The above routines were used to obtain the evaluation function, which in turn was used in the evolutionary SGA and SMGA algorithms. Next, and in order to study the usefulness of the method proposed to obtain the fitness function, the evolutionary algorithms were applied to solve two instances, one of the 0/1 knapsack problem and the other of the 2-SAT (2-satisfiability) problem. In the following, we describe the general methodology applied to obtain the evaluation function in each of the previously cited optimization problems.

2.1.1. Method for Obtaining the Evaluation Function in the 0/1 Knapsack Problem

Let x be the value of a knapsack, xi the value of a set of items selected for the knapsack and yi the fitness value for xi, the value for which is estimated by applying a method of screening in silico. The procedure involves increasing x to a pre-set increase, Δ x . Once an initial value of x has been set, for instance equal to 2.0 (Figure 7), the size of the synthetic bacteria colony grows according to an exponential or Malthusian growth model [26]. As the number of bacteria increases, so do the levels of a synthesized reporter protein, i.e., the green fluorescent protein (GFP). As the colony grows, in a given time, t, the procedure records the average value of GFP/volume. The fitness value, yi, for each value of xi is calculated by multiplying the colony size, i.e., the number of bacteria, by the average GFP/volume. As a result, a scatter plot of the points (x1, y1), (x2, y2), …, (xn, yn) is obtained, and the fitness regression line y = a + bx is fitted by the least squares method (Appendix A, Figure A4).
The described procedure was carried out twice, obtaining two regression lines. In one case, we will obtain the fitness function (regression line) for those instances that meet the knapsack weight restriction, i.e., the weight is less than the maximum capacity set (w < W), whereas in the other, we obtain the fitness function (regression line) for those instances that do not fulfill the constraint, and therefore, w > W. In order to obtain the first regression line, we will select in the register of the script in Gro (Figure 7; Appendix A, Figure A5) any desired value of q.w (total value of a set of items) that complies with q.w < q.W (maximum capacity restriction), i.e., q.w = 10, while to obtain the second regression line, we will set a value of q.w, i.e., q.w = 109, that satisfies q.w > q.W.
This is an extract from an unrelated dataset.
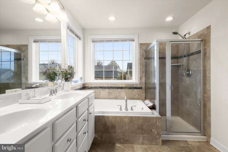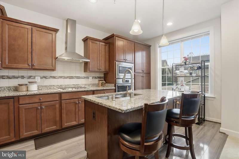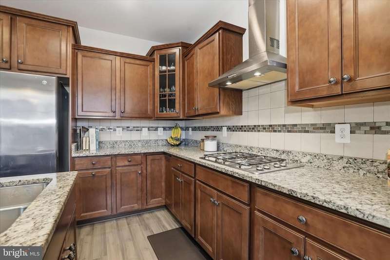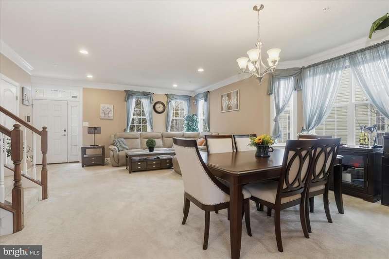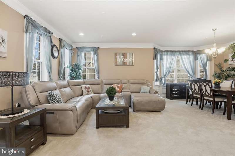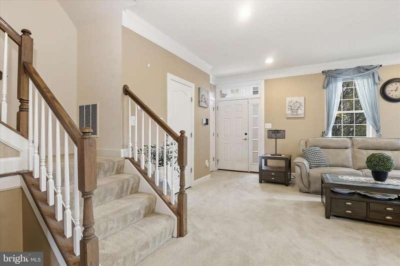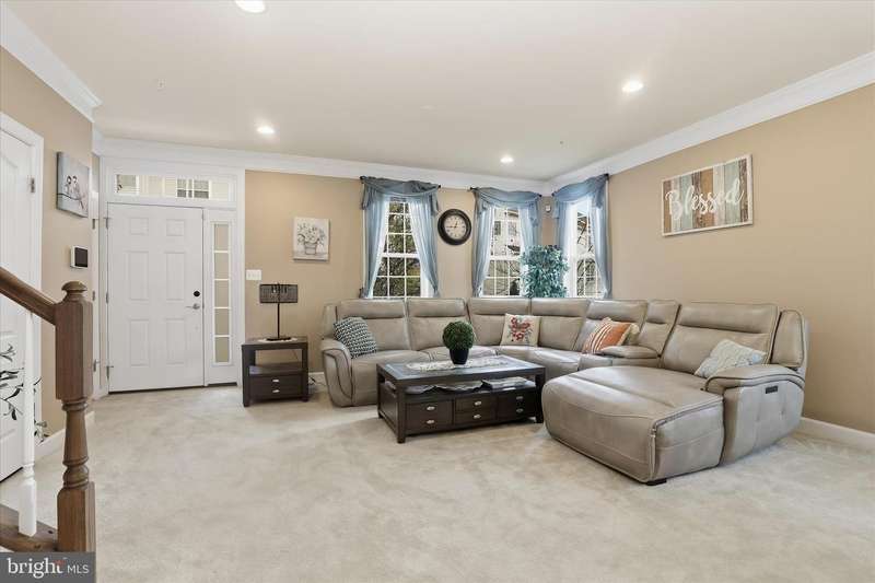 Discover timeless charm and modern comfort in this stately brick-front end-unit townhome, nestled along nostalgic tree-lined streets with classic sidewalks and lampposts. Step inside to an expansive, light-drenched open floor plan featuring a large living room with soaring ceilings and extra-wide crown molding. The elegant dining area is beautifully appointed with box molding and a chair rail, creating an ideal setting for gatherings. The upgraded chef's kitchen anchors the back of the main level with 42-inch cabinetry, a glass front display cabinet, stainless steel appliances, granite countertops, a double sink, and a central island with breakfast bar. Recessed lighting throughout the first floor enhances the inviting ambiance. Adjacent to the kitchen, a cozy family room with a ceiling fan opens to a spacious deck, perfect for outdoor entertaining. A grand staircase leads to the upper level, where the luxurious primary suite awaits. Enjoy vaulted ceilings, a large walk-in closet, and a spa-inspired bathroom complete with a jetted soaking tub and separate shower. Two additional generously sized bedrooms share a well-appointed full hall bath, and a conveniently located upper-level laundry area makes everyday living effortless. The fully finished lower level offers exceptional flexibility with a private bedroom, full bath, and a large storage closet with built-in shelving. Direct access to the oversized two-car garage adds convenience and practicality. Located in the sought-after Balk Hill community, residents enjoy access to a community center and tot lot. Ideally situated near Woodmore Town Center, restaurants, shopping, movies, grocery stores, medical offices, a Prince George's County government office building, and major commuter routes, this 4 bedroom 3.5 bath home offers the perfect blend of comfort, convenience, and community
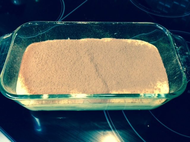 Chill for a couple hours. Sprinkle cocoa powder on top before serving.

2.1.2. Method for Obtaining the Evaluation Table in the 2-SAT (2-Satisfiability) Problem

The procedure involves evaluating the Boolean expression for all possible values, 0 or 1, of the variables (Figure 8). The fast computation of the 2n (n is the number of variables) expressions is possible because synthetic bacteria multiply exponentially and the computation is in parallel. Starting with an initial value of 0 of all variables {0, 0, …, 0} of the Boolean expression, the size of the synthetic bacterial colony grows according to an exponential or Malthusian law, registering in the colony for a certain time, t, the average value of GFP/volume. Afterwards, for a particular combination of 0s and 1s, i.e., {0, 0, …, 0}, {1, 0, …, 0}, …, {1, 1, …, 1}, the value of the function y = f (outcome) is calculated, where outcome is the output of the Boolean expression. The levels of protein reporter, i.e., the GFP, depend on the value of y, synthesizing GFP according to a Hill equation. Every certain time, t, the total amount of GFP is recorded, multiplying the average value of GFP/volume by the number of bacteria, i.e., the size of the colony. As a result, a fitness table with two main columns is obtained: one of the columns with the number of variables with state 0 or 1 satisfying the expression, with each row of the table representing the value 0, 1, 2, …, 2n, and the other column with the fitness value, i.e., the total amount of GFP. Figure A6 (Appendix A) displays the script in Gro implementing the described procedure.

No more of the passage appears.